* _What to do_
One exact copy of the listing is needed. It should contain no pictures.

*** Block opens ***

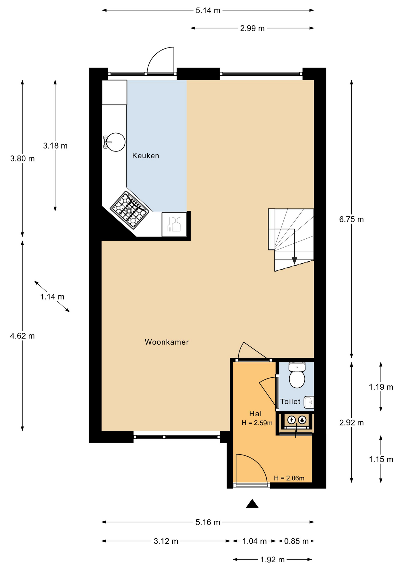 Entree, hal, toilet met fonteintje, lichte en ruime woonkamer (ca. 20 m²), trapopgang naar de eerste verdieping, open keuken voorzien van inbouwapparatuur, deur naar de achtertuin.
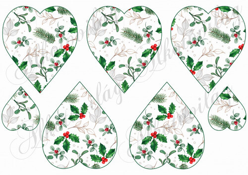 Szívek magyal levelekkel, piros bogyókkal, fenyőágakkal - Több mint 20 alapanyagon elérhető.
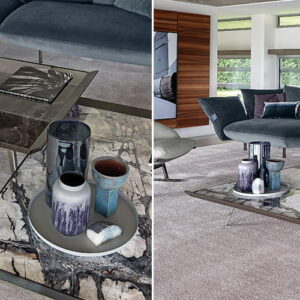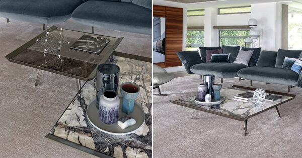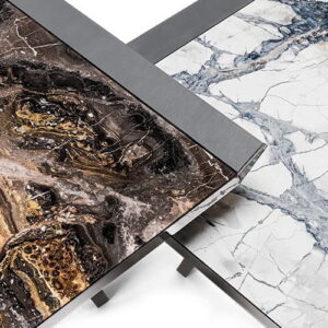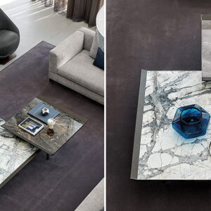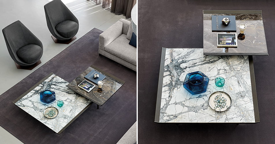 Marble is the striking center piece whilst the Tuscan styling and use of vegetable tanned leather makes up the arrangement for the corners and lifts on the outside. Finished with thin metallic legs, Moon Invaders is more than a play on words, but one of our environment and how we can create new emotions.
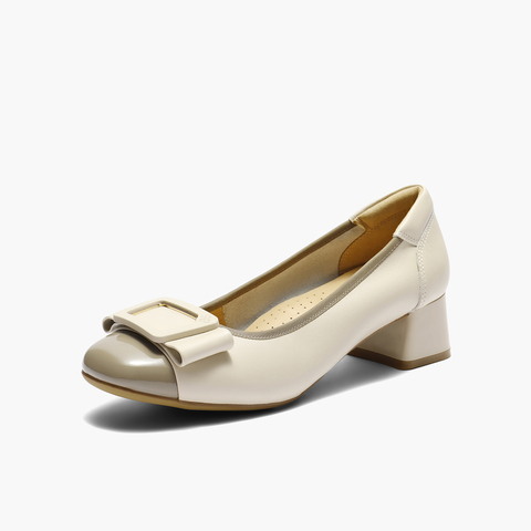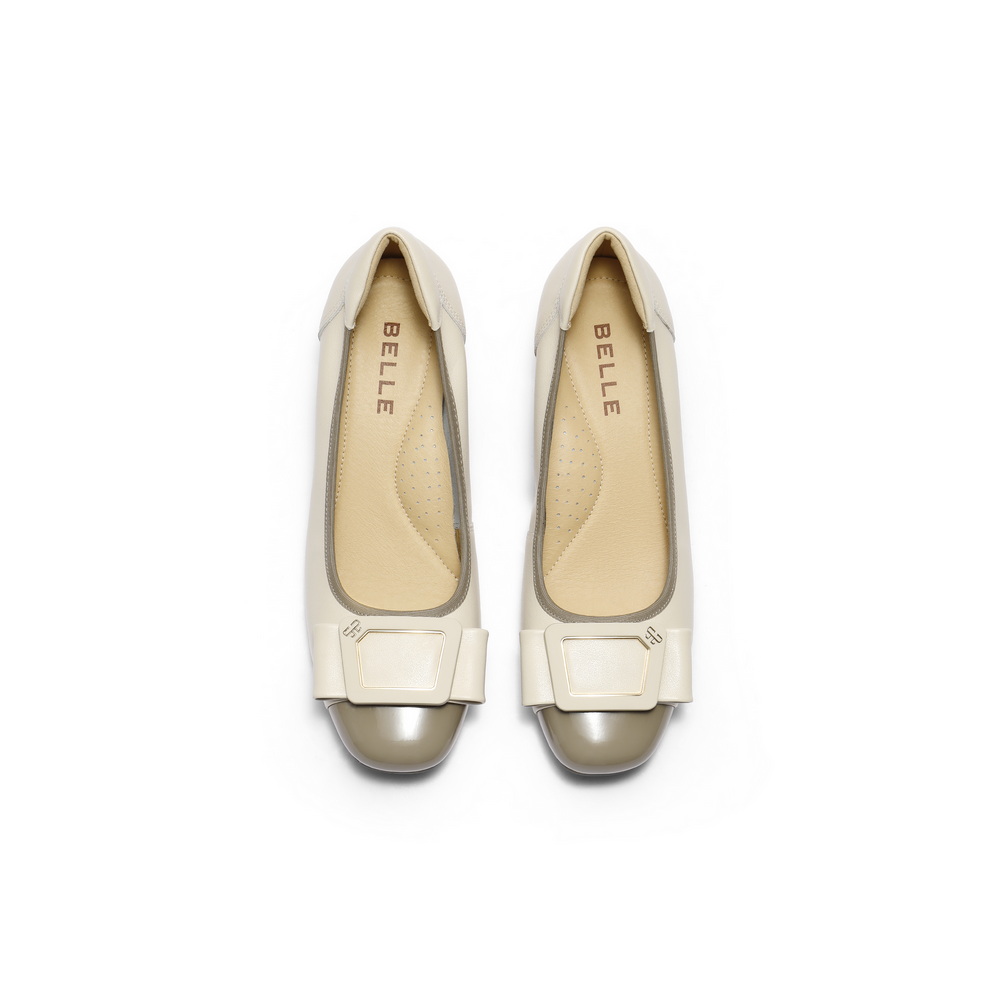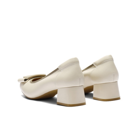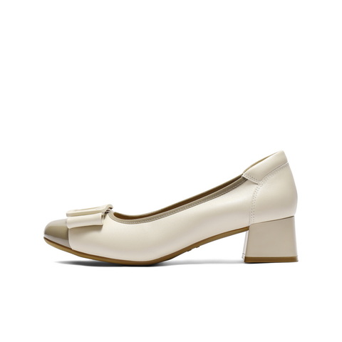 百丽舒适优雅单鞋女2025秋新真皮蝴蝶结方跟鞋D3S1DCQ5
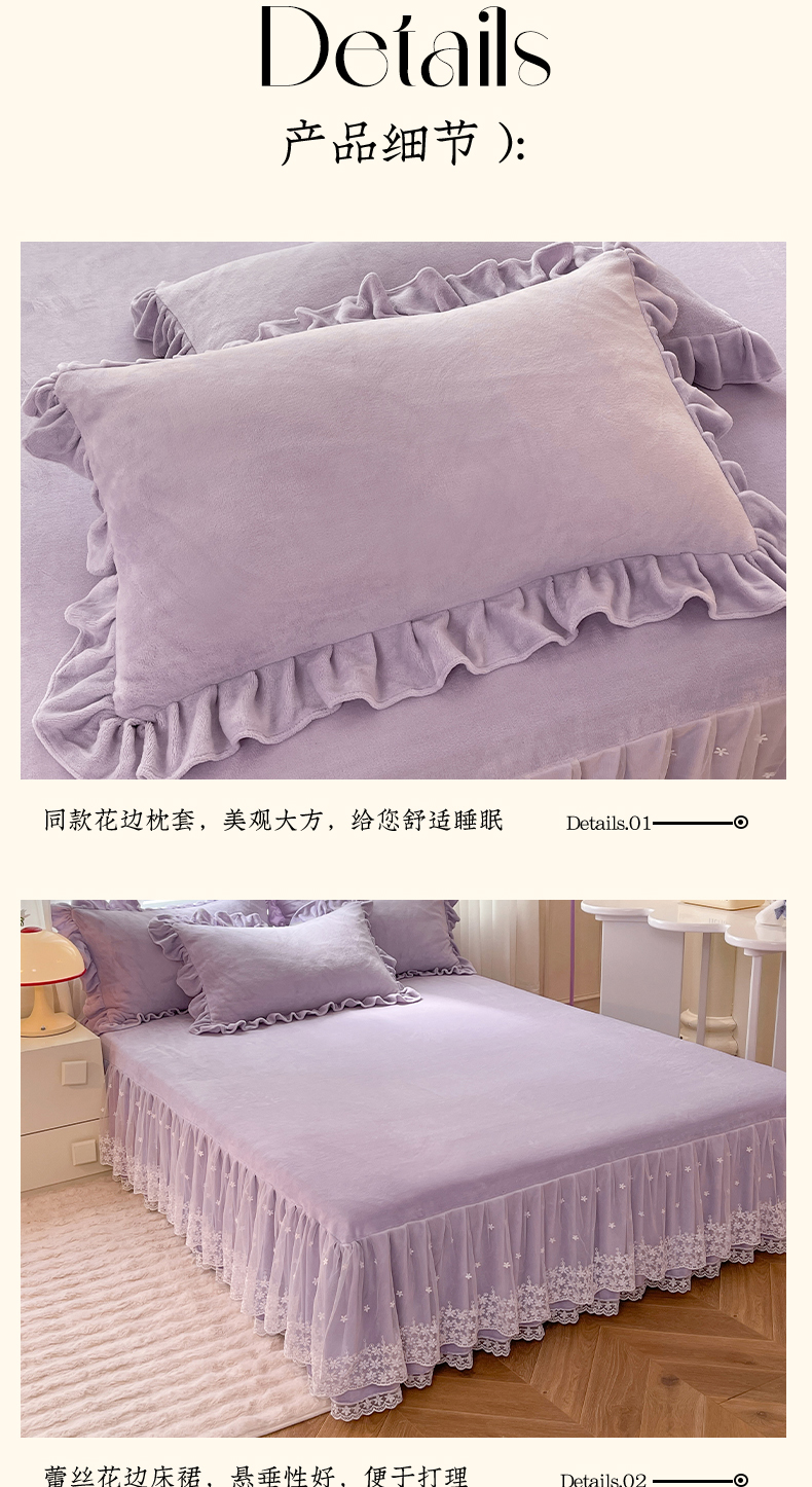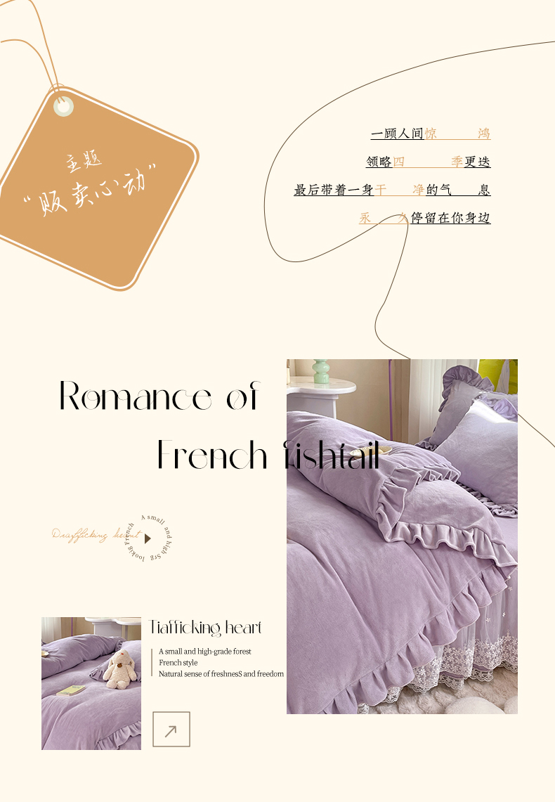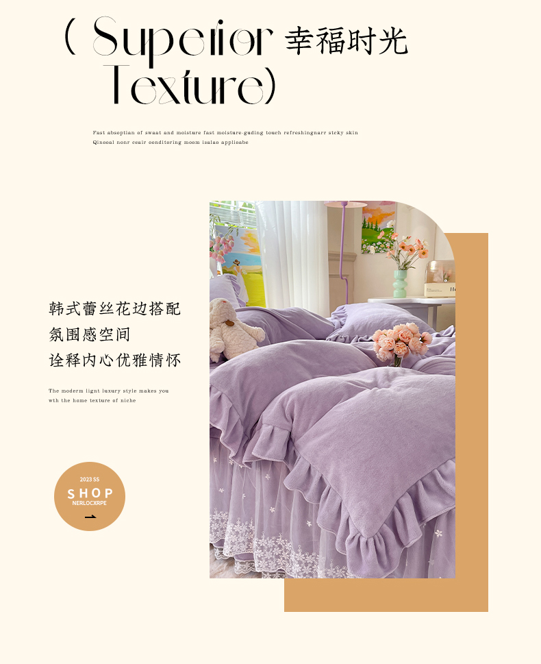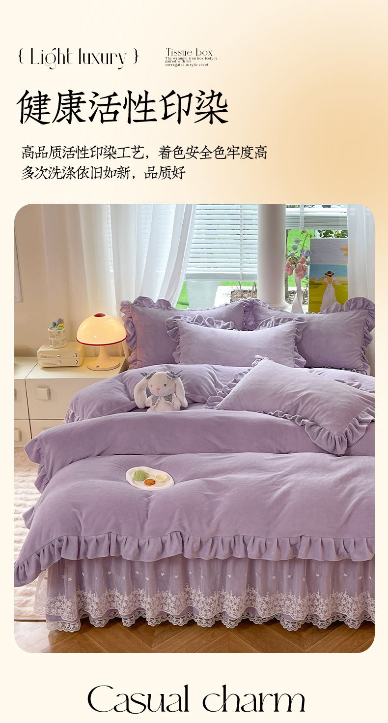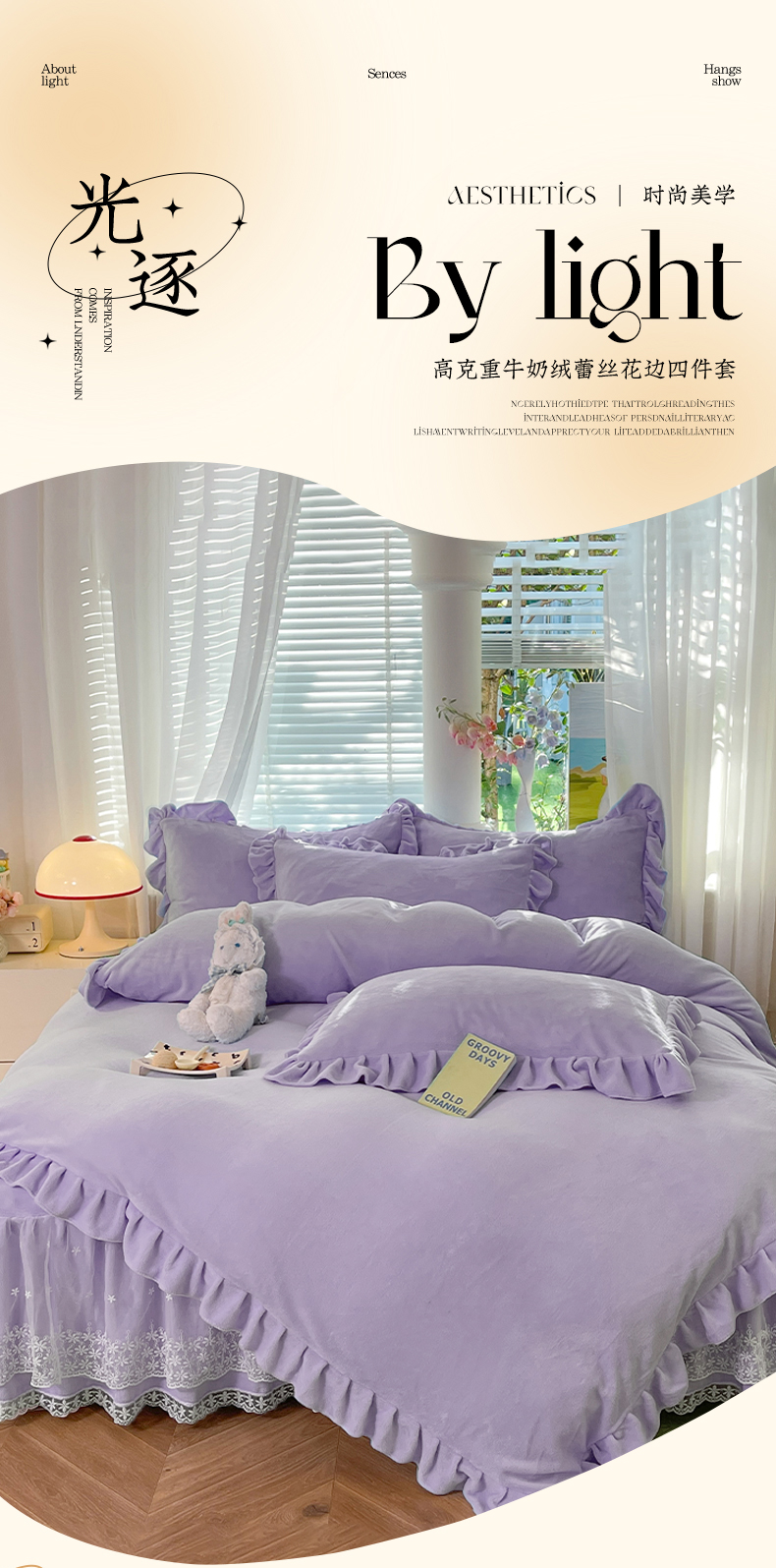 商品名称:【8斤重】2025新款秋冬加厚牛奶绒床裙款四件套法式浪漫蕾丝花边工艺-遇见系列 遇见-浪漫紫

*** Block closes ***

* _Final answer_
 Entree, hal, toilet met fonteintje, lichte en ruime woonkamer (ca. 20 m²), trapopgang naar de eerste verdieping, open keuken voorzien van inbouwapparatuur, deur naar de achtertuin.
 Szívek magyal levelekkel, piros bogyókkal, fenyőágakkal - Több mint 20 alapanyagon elérhető.
 Marble is the striking center piece whilst the Tuscan styling and use of vegetable tanned leather makes up the arrangement for the corners and lifts on the outside. Finished with thin metallic legs, Moon Invaders is more than a play on words, but one of our environment and how we can create new emotions.
 百丽舒适优雅单鞋女2025秋新真皮蝴蝶结方跟鞋D3S1DCQ5
 商品名称:【8斤重】2025新款秋冬加厚牛奶绒床裙款四件套法式浪漫蕾丝花边工艺-遇见系列 遇见-浪漫紫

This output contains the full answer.